The National Gallery of Victoria’s comprehensive retrospective of Arkley’s work opened at the Ian Potter Centre in Melbourne’s Federation Square in November 2006, and has now reached Brisbane’s Gallery of Modern Art (GoMA) (6th July – 16th September 2007). The exhibition coincides with the launch of John Gregory’s monograph Carnival in Suburbia: The Art of Howard Arkley. Senior Lecturer at the Faculty of Art and Design, Monash University, Dr Gregory presumably has great insight into this subject, in being Howard’s brother-in-law.

The curation of the exhibition, undertaken by Jason Smith, chronicles the early fascination of Arkley with the tools of his trade, showing exercises which work through the different effects to be achieved with the airbrush. We progress past the intricate iron work of front doors, ruminating on Guimard’s Parisian Métropolitain gates, to extensions into the ‘real’ in 3-dimensional seating which plays with perspective, form, and function in inimitable style – what is real, what is model? how do utilitarianism and art coincide? The outside walls of the exhibition explore Arkley’s exteriors (his ‘bloody house paintings,’ said in a moment of exasperation that this would be his legacy), and his fascination with masks. The inside walls perhaps mirror his concerns more closely: the interiors show different settings on the familiar, along side his famous, and thought to be autobiographical work on heroin use, an addiction which brought about his untimely death in 1999, months after world-wide recognition at the Venice Biennale, La Biennale di Venezia.

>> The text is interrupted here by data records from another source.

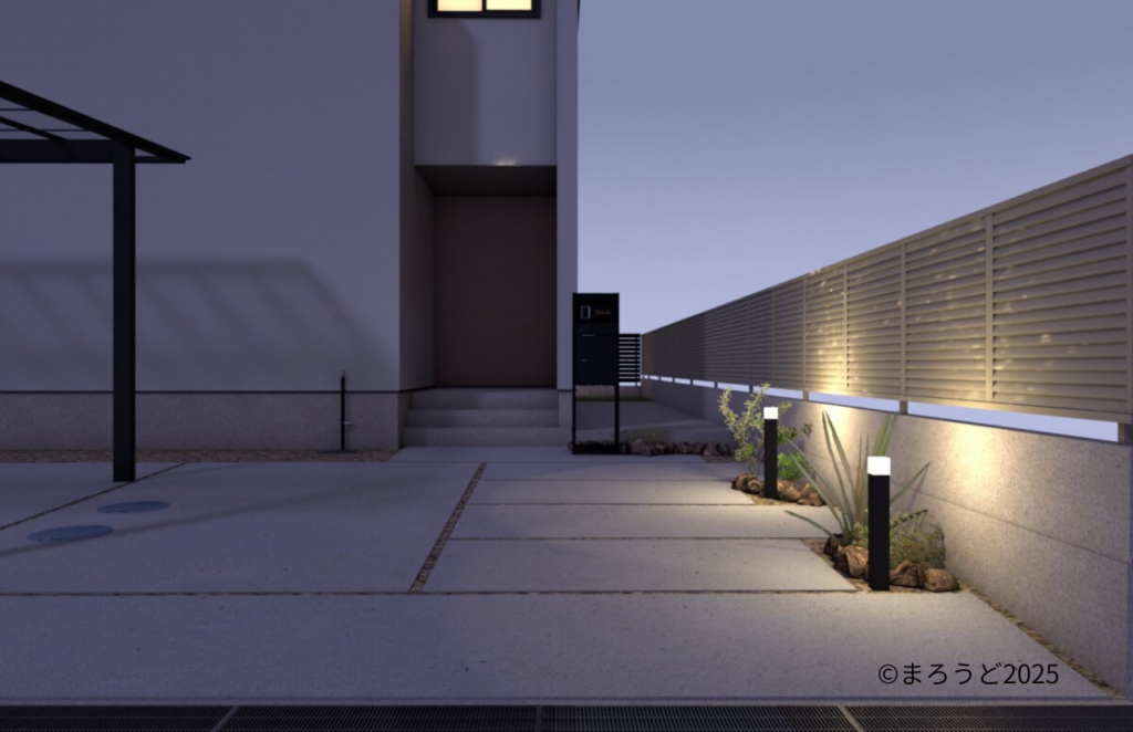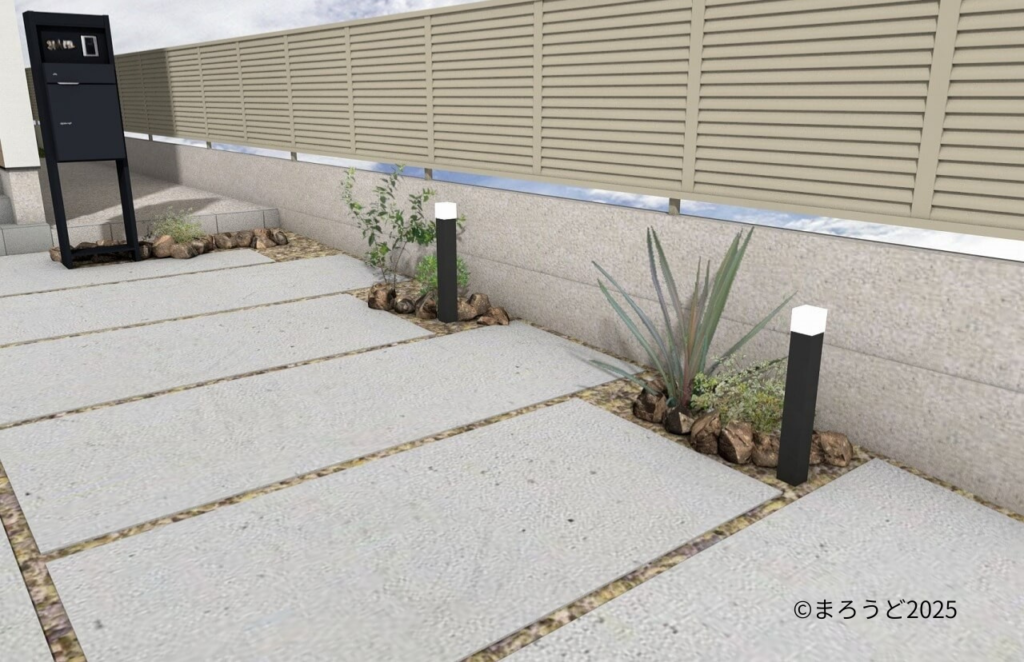 お施主様は《道路側溝部分を綺麗にしたい。街灯もないので照明を付けたい。庭部分へはリビングから出られるように階段が欲しい。庭で過ごす時、視線が気にならないようにしたい。》ということでした。
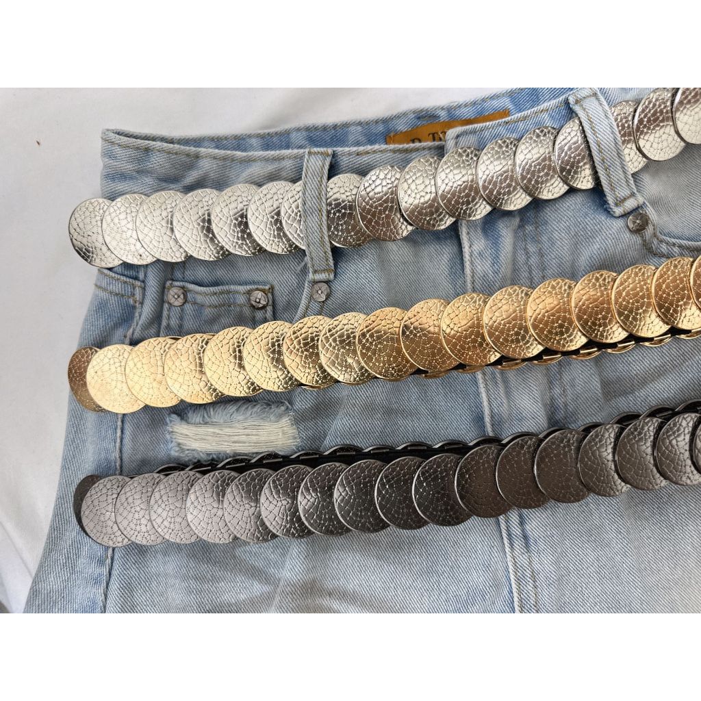 Cinto Elástico Medalhas Douradas Removível com Fechamento em Gancho Design Modelo
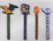 | ARTS and CRAFTS Linda likes to do a variety of crafts. Recently her crafts have focused around the Pokémon game. Here is a picture of her latest Pokémon craft, bookmarks. They're made from wrapping paper, foam artboard, and popsicle sticks! | ![]() |
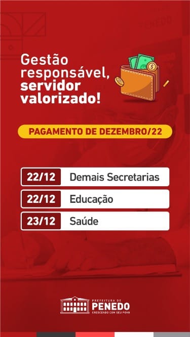 O Prefeito de Penedo acrescenta ainda que “esse foi um compromisso que assumimos e cumprimos”, desejando “um ano de muitas felicidades para todos e que no ano que vamos entrar, com certeza, vamos garantir essa antecipação do pagamento de salário.”
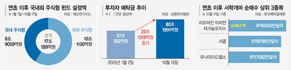 가상자산 거래소 업비트에서 비트코인은 지난 9일 1억7986만9000원으로 사상 최고가를 새로 썼다. 특히 해외주식에 투자하는'서학개미'의 연초 이후(10월 17일 기준) 순매수 상위 종목을 살펴보면 암호화폐 투자회사인 '비트마인 이머전 테크놀로지스'과 스테이블코인 발행사인 '서클'을 각각 9억8350만달러, 8억9785만달러 사들이며 순매수 1위와 2위에 올렸다.
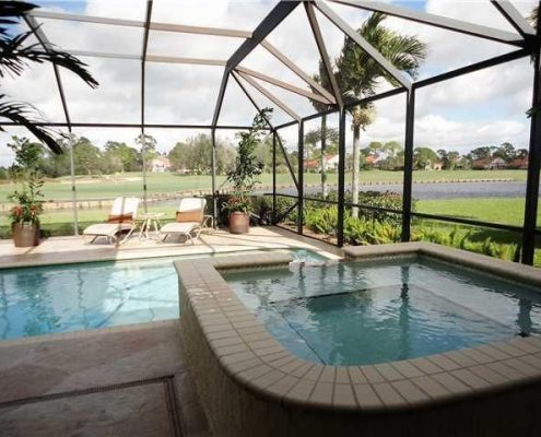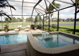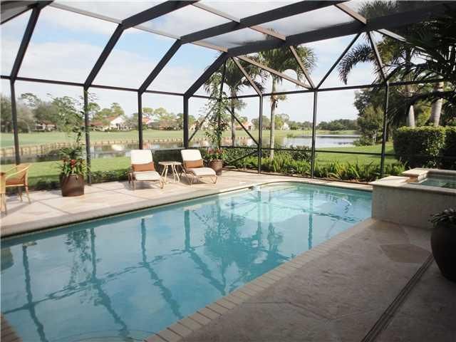 This custom Barcelona-design residence is wonderfully sited on a spacious lot that overlooks the lake-surrounded 10th green of the community’s Pete Dye Course. Its he expanded screen-enclosed patio has an oversized heated pool and spa.
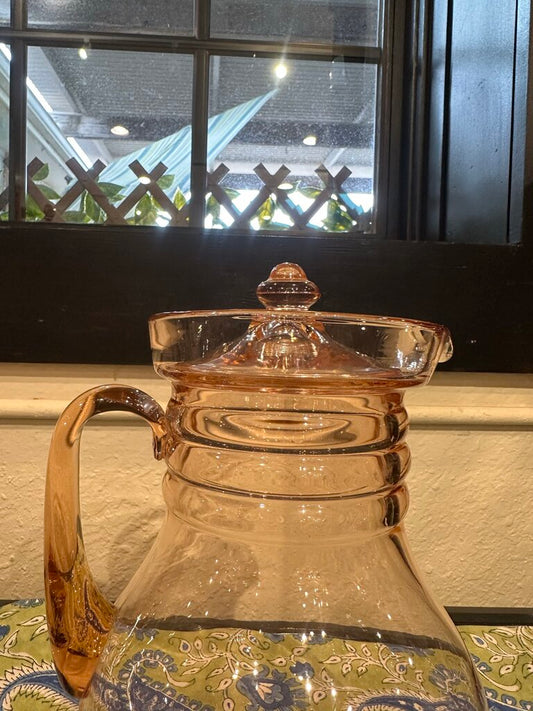 Vintage 1930's Dunbar Glass Art Deco Stacked Rings Pink Depression Pitcher w/lid

The centrepiece of the exhibition could be said to be the collaborative piece ‘Blue Chip Instant Decorator’ (1990/1991), completed with Juan Davila for an exhibition in Tolarno Galleries, South Yarra. Whereas Davila’s politics are brutally obvious, Arkley’s are embedded, folded in the patterning and vanishing behind the veneers. Yet, there is a clear statement about commodification of art here and the evacuation of all socio-cultural meaning at the hands of art dealers.

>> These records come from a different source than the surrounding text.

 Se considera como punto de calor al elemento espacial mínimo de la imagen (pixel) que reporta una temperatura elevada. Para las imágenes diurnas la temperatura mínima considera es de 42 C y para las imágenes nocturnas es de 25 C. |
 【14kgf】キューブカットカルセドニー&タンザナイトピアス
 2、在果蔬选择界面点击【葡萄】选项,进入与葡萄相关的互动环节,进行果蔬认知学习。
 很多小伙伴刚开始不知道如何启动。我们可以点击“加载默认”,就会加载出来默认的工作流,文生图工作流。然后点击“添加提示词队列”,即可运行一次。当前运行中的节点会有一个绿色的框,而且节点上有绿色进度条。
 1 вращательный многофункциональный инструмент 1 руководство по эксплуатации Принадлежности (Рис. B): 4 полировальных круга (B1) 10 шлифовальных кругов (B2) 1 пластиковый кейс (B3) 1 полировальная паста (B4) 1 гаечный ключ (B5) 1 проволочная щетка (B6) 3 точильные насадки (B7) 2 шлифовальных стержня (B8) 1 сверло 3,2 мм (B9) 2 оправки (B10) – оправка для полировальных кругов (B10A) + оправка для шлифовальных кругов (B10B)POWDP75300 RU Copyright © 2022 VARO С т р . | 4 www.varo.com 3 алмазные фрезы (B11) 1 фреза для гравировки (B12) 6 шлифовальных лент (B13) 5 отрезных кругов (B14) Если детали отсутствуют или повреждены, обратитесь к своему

We circle in recombinations and reorderings across a range of visual stimuli in this exhibition, where types are elaborated upon and memes mesmerise. Arkley offers a panorama of immersive entertainment and enlightenment as settings unsettle. These are the landscapes of the twentieth century, where we reflect upon identity and belonging. Arkley positions us to re-evaluate the great Australian dream, served over tea and scones. The back corner is dedicated to a powerful industrial landscape which will no doubt find particular resonance with those who think globally. What is it to be local? As politicians wend their way through marginal electorates, now is certainly the time to recast our gaze.